The reason this has happened, he says, is because of the enthusiasm with which we have seized everyday technology and built it into our lives. He told the conference: ’We have embraced technology almost too much. Emails are damaging us, we don’t control them – they control us.

‘People say they have got through their emails by the end of day, but that’s not work. People should be banned from sending emails to each other in the same building. They should be discouraged from checking emails after work, when they should be spending time with their family and returning to work refreshed.

‘A company in California shuts the server down after-hours and maybe that’s what we have to do, to re-boot ourselves as human beings.Checking emails on holiday – that’s sick,’ he added.

Prof. Cooper, who advises the Government on health and wellbeing at work, says that he is about to embark on a study of the effect of emails on the workplace and their impact on family life, because it had recently emerged as a major issue. He said that technology such as laptops, iPads and smart watches were extending the working week.

‘When you go out to a restaurant there are people picking up emails on their knees, and some of it is work.

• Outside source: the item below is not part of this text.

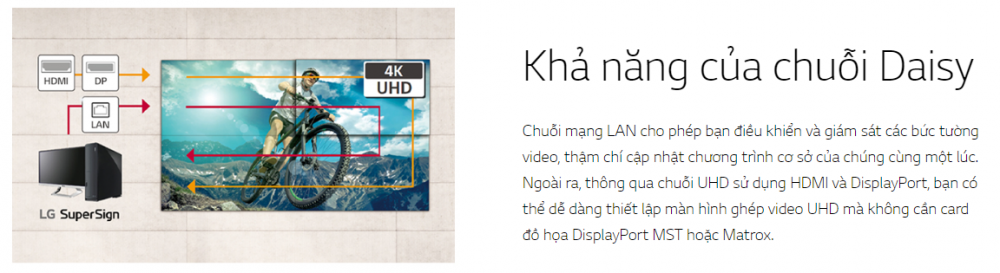 - Giao diện: HDMI/ DP/ DVI-D/ USB/ RS232C/ RJ45/ Âm thanh/ IR

Technology, rather than being an enabler, is creating more stress’ he concluded.

As direct marketeers we are dealing with an audience with an ever-shortening attention span that is addicted to technology but stressed out as a result. What chance do we have to get our messages through?

We can still communicate effectively but we need to understand the new rules of the game. And the main rule is that we can’t rely on our audience to pay attention for very long.

To engage attention and deliver messages effectively we need to adhere to four key principles:

Velocity

Clarity

Consistency

Accuracy

Be quick

You may have more than eight seconds - but don’t count on it. Get to the point because there will never be an ideal time to engage with the consumer. The context in which your message is received is critically important - but it’s largely outside your control. A piece of direct mail opened at the start of a busy week is in the hands of an alert consumer but it’s competing against the demands of a host of other issues. The same item opened at the end of a busy day may have less to compete against but will be received by someone who is most likely tired, jaded and distracted by the events of the day.

A hefty multi-item direct mail package that contains what Alan Sugar once memorably called “the mug’s eyeful’ is an exercise in vanity and little else.

Be clear

Eight seconds doesn’t give you too much time to play with verbal tricks, design foibles or less than obvious concepts. The need for clarity is a function of the requirement to be quick. Make your message unambiguous and your offer easily understood.

Be consistent

In a short timescales it makes sense to leverage the power of the brand that you are promoting. All the emotional baggage and value that comes as an inherent part of a successful brand doesn’t need to be explained - it’s already understood by the recipient. Exploit the brand and squeeze every last ounce of benefit from it that you can manage. Choices of papers, colours, typography, finishes, inks and wrappings all send subliminal messages about brand value and worth.

Accuracy

Having honed your message down to the size of a cocktail hors d’oeuvre, you need to be sure that it’s being handed over to the right consumer. You need to sweat the big data to ensure that you are taking the right message to the right people. The greater the accuracy of your mailing list, the greater the value it will add to your campaign.

So is direct marketing in trouble? If you have got this far and remember the question that I posed at the beginning, congratulations on attaining the state of Attention Ninja.

Direct marketing needs to understand the demands that technology is placing on all of us - or that we are allowing it to place upon us, to be more accurate. We will succeed when we understand that we are seeking to communicate with a society that is stressed and easily distracted - and modify our messages accordingly.